(INFORMATION PROVIDED)
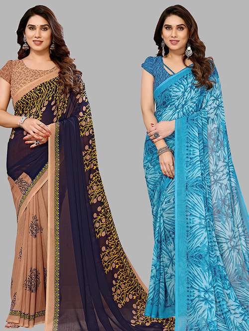 women pack of 2 casual wear sarees with blouse - 21439903 - Very Small Image - 1
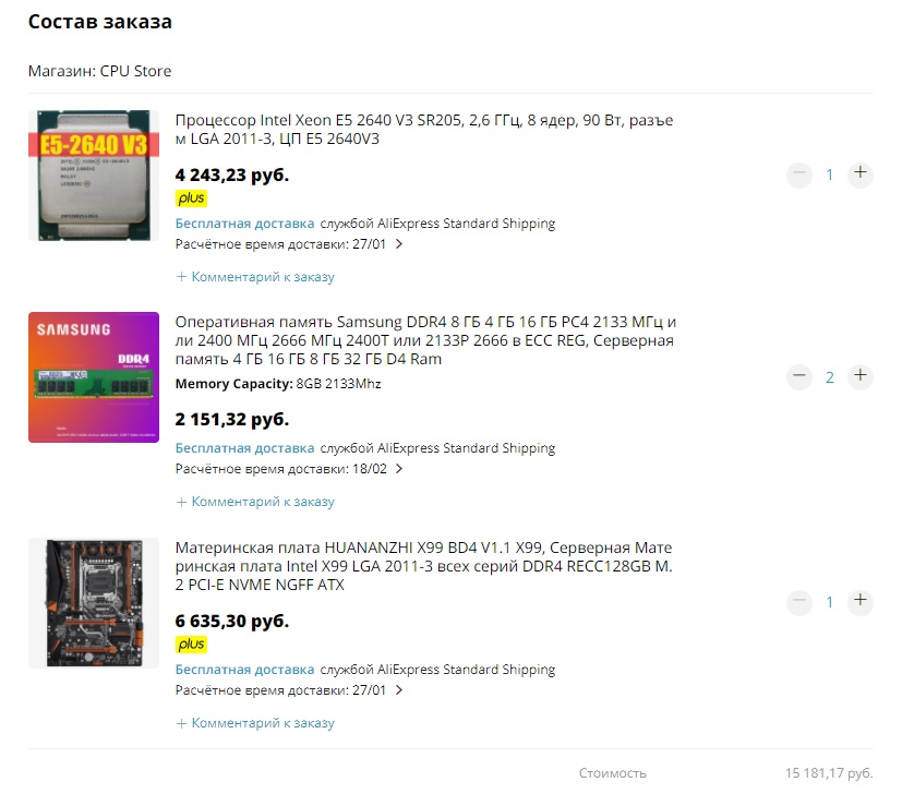 Здравствуйте! Оцените сборку, нормально за такие деньги? Процессор Intel Xeon E5 2640v3+Samsung DDR4 8GB 2133Mhz ECC REG*2+Материнская плата HUANANZHI X99 BD4,с купонами получиться где то 13 750 руб. Сомневаюсь в материнской плате, за такие деньги можно взять Atermiter X99 rev. 1.31
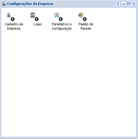 A tela de Configurações da Empresa é a página principal, utilizada para acessar quatro menus diferentes: Cadastro da Empresa, Lojas, Parametros e Configurações e Papéis de Parede.
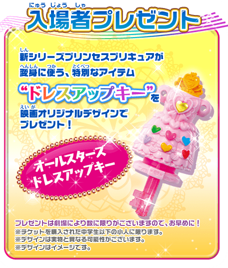 Penonton yang memesan tiket terlebih dahulu pada tanggal 27 Desember akan mendapatkan bonus paket ikat rambut beserta tas berwarna merah muda atau biru, dengan gambar karakter Precure. Para anak-anak (maksimal usia SMP) yang menonton film tersebut dapat mendapatkan mainan ‘Dress Up Key’ versi All Stars sebagai bonus. ‘Dress Up Key’ sendiri merupakan item transformasi di Go! Princess Precure.
(End INFORMATION PROVIDED)
> PROBLEM DESCRIPTION:
Every line from the one containing "A tela de Configurações" to the end of the material above is to be returned exactly, with the pictures left out.

> ANSWER BOX:
 A tela de Configurações da Empresa é a página principal, utilizada para acessar quatro menus diferentes: Cadastro da Empresa, Lojas, Parametros e Configurações e Papéis de Parede.
 Penonton yang memesan tiket terlebih dahulu pada tanggal 27 Desember akan mendapatkan bonus paket ikat rambut beserta tas berwarna merah muda atau biru, dengan gambar karakter Precure. Para anak-anak (maksimal usia SMP) yang menonton film tersebut dapat mendapatkan mainan ‘Dress Up Key’ versi All Stars sebagai bonus. ‘Dress Up Key’ sendiri merupakan item transformasi di Go! Princess Precure.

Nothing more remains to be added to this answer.